_EXERCISE AIM_
Images are not part of the copy; transcribe all the data exactly.

_COLLECTED DATA_
—————

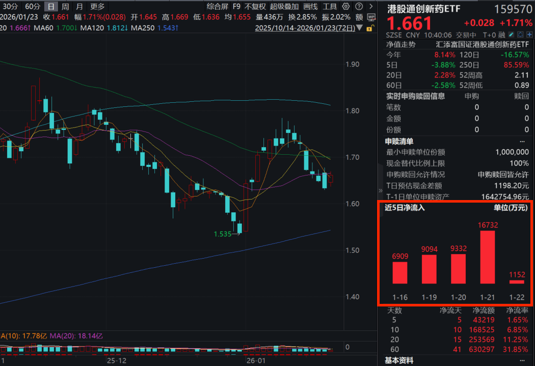 今日(1.23),港药强势反攻,创新药纯度100%的港股通创新药ETF(159570)涨近2%,成交额快速突破7亿元!资金面上,近5日累计净流入超4.3亿元!最新规模超251亿元,同类规模领先!
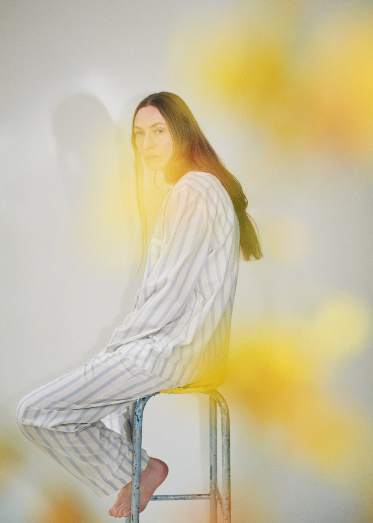 Pale blue stripes on a winter white base
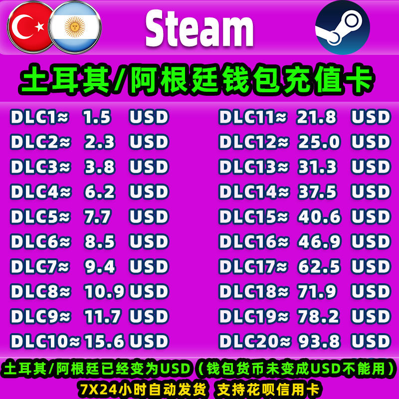 Steam土耳其阿根廷充值卡cdk账户充钱卡钱包充值码礼品卡美金余额

—————

_REPLY_
 今日(1.23),港药强势反攻,创新药纯度100%的港股通创新药ETF(159570)涨近2%,成交额快速突破7亿元!资金面上,近5日累计净流入超4.3亿元!最新规模超251亿元,同类规模领先!
 Pale blue stripes on a winter white base
 Steam土耳其阿根廷充值卡cdk账户充钱卡钱包充值码礼品卡美金余额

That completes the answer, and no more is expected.